Diğer bir açıdan, toplumsal şartlandırmalar, aydın özentiliği, bilgi peşinde koşmalar onu hayatın bizatihi kendisinden koparmış hayata yabancılaştırmıştır. İshak pek çok kişidir, kalabalıktır, hiçbir vakit kendisi kalamadığı için asla özgür olamaz. Bu durum romanın “Kaygı, Kaygı” kısmında daha açık görülmektedir. Kurmacadan fırlama bir profesörün alacağı otomobil için kendisinden fikir istemesi onun kendi olmasına bir davet niteliğindedir. Yaşlı hoca kendi otomobil tercihi için rastlantısal bir etken olarak İshak’ı katmak ister. Ona hangi arabayı tercih etmesi gerektiğini sorar. İshak ise yaşlı adamın felsefi etik fikirlerine en yakın olan arabayı almasını gerektiğini söyler bunun üzerine yaşlı adam, “Kendiniz üzere olmadığınız sürece verdiğiniz karşılığın da bir yararı olmayacaktır.’’ der.

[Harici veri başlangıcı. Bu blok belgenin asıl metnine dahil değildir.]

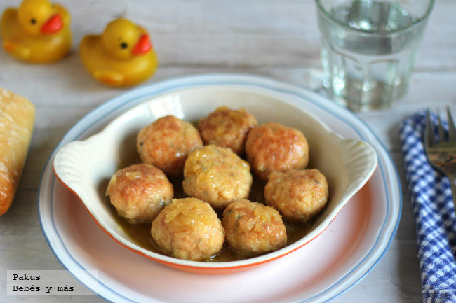 Mi madre siempre me cuenta que las llamábamos pelotitas, quizás porque ella utilizaba el mismo truco que yo para hacernos comer de todo utilizando nombres como el de los lenguados enrollados. El caso es que con estas albóndigas caseras de pollo, tan tiernas y tan blanquitas no váis a necesitar usar ningún truco para que se las coman estupendamente.

İshak hem kendi üzere olabilmiş hem de olamamıştır. Yaptığı okumalara ve bunu hayata aksettirme biçimine bakarsak, çok şahsına münhasır bir yol izler. Ama, 2010’ların “hakikat-sonrası” (post-truth) bir devrinden bakacak olursak, İshak’ın kendi olamayışı izlediği kendine has okumaların yanlışlığına götürür bizi. Murat ona “İbrahim aslında hiç düşünü yorumlamadı. İshak’ı kestiğini gördü ve bunu dümdüz aldı. Halbuki hayalini yorumlasaydı oğlu kılığındaki şeyin koç olduğunu anlardı, fakat görmek istediğini gördü.” der. Kurmaca ile hayat ortasındaki farkı, Aristocu bir mimetik anlayışla algılamak değildir artık problem. Kurmaca ve gerçeklik çoktan karışmıştır. Bazen kurmaca daha çok hakikate yaklaşır. İshak, pek çok çağdaşı üzere, görmek istediğini gerçek kabul edip hayata uygulamıştır. Bu manası yok eder mi etmez mi bilinmez, ancak geleneğe yaslı yeni bir tutunmayan prototipi çıkardığı aşikâr. Kanonlaşmış edebiyat yapıtları nasıl devrinin karakterlerini yansıtabilmişse, Biraz Evhamlı İshak Hoca’nın Karda Gece Yürüyüşü de kendi periyodunun insanını anlamaya yaklaşmış bir kitap ve bu yüzden okumaya paha.